RECORDS TO PROCESS section start

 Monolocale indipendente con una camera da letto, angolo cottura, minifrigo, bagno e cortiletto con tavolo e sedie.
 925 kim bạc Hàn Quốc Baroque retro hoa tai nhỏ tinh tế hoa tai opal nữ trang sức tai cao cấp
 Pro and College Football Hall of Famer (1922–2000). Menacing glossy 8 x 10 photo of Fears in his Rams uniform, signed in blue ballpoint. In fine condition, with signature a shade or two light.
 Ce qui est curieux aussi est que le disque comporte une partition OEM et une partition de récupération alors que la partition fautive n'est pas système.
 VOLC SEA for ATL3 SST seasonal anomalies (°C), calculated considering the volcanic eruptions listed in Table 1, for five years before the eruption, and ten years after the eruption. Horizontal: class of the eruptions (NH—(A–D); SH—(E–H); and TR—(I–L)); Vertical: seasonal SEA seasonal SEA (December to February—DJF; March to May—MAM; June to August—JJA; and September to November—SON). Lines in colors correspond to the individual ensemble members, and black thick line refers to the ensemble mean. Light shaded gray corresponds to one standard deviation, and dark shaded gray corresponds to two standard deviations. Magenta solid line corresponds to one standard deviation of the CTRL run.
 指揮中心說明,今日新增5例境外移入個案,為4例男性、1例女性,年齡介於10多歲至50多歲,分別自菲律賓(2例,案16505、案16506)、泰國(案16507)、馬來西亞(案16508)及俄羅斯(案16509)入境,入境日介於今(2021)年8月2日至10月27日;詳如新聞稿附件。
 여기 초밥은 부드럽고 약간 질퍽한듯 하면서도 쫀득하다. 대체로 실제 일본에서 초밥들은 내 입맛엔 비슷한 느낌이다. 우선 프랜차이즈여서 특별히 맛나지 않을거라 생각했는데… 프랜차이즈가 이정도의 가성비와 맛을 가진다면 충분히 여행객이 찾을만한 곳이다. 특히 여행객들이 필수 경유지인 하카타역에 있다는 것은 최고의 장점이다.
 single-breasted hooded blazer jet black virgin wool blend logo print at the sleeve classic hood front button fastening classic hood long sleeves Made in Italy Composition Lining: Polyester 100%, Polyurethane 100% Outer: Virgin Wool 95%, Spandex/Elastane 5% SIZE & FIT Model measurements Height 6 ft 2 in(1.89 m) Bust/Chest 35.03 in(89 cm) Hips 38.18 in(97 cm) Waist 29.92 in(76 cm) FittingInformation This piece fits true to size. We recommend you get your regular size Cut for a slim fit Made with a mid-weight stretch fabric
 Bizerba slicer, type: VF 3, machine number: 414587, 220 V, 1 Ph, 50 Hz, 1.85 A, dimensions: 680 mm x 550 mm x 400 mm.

RECORDS TO PROCESS section end

## PROBLEM TO WORK ON
Set the records above down again. Match them exactly.

## EXERCISE OUTPUT
 Monolocale indipendente con una camera da letto, angolo cottura, minifrigo, bagno e cortiletto con tavolo e sedie.
 925 kim bạc Hàn Quốc Baroque retro hoa tai nhỏ tinh tế hoa tai opal nữ trang sức tai cao cấp
 Pro and College Football Hall of Famer (1922–2000). Menacing glossy 8 x 10 photo of Fears in his Rams uniform, signed in blue ballpoint. In fine condition, with signature a shade or two light.
 Ce qui est curieux aussi est que le disque comporte une partition OEM et une partition de récupération alors que la partition fautive n'est pas système.
 VOLC SEA for ATL3 SST seasonal anomalies (°C), calculated considering the volcanic eruptions listed in Table 1, for five years before the eruption, and ten years after the eruption. Horizontal: class of the eruptions (NH—(A–D); SH—(E–H); and TR—(I–L)); Vertical: seasonal SEA seasonal SEA (December to February—DJF; March to May—MAM; June to August—JJA; and September to November—SON). Lines in colors correspond to the individual ensemble members, and black thick line refers to the ensemble mean. Light shaded gray corresponds to one standard deviation, and dark shaded gray corresponds to two standard deviations. Magenta solid line corresponds to one standard deviation of the CTRL run.
 指揮中心說明,今日新增5例境外移入個案,為4例男性、1例女性,年齡介於10多歲至50多歲,分別自菲律賓(2例,案16505、案16506)、泰國(案16507)、馬來西亞(案16508)及俄羅斯(案16509)入境,入境日介於今(2021)年8月2日至10月27日;詳如新聞稿附件。
 여기 초밥은 부드럽고 약간 질퍽한듯 하면서도 쫀득하다. 대체로 실제 일본에서 초밥들은 내 입맛엔 비슷한 느낌이다. 우선 프랜차이즈여서 특별히 맛나지 않을거라 생각했는데… 프랜차이즈가 이정도의 가성비와 맛을 가진다면 충분히 여행객이 찾을만한 곳이다. 특히 여행객들이 필수 경유지인 하카타역에 있다는 것은 최고의 장점이다.
 single-breasted hooded blazer jet black virgin wool blend logo print at the sleeve classic hood front button fastening classic hood long sleeves Made in Italy Composition Lining: Polyester 100%, Polyurethane 100% Outer: Virgin Wool 95%, Spandex/Elastane 5% SIZE & FIT Model measurements Height 6 ft 2 in(1.89 m) Bust/Chest 35.03 in(89 cm) Hips 38.18 in(97 cm) Waist 29.92 in(76 cm) FittingInformation This piece fits true to size. We recommend you get your regular size Cut for a slim fit Made with a mid-weight stretch fabric
 Bizerba slicer, type: VF 3, machine number: 414587, 220 V, 1 Ph, 50 Hz, 1.85 A, dimensions: 680 mm x 550 mm x 400 mm.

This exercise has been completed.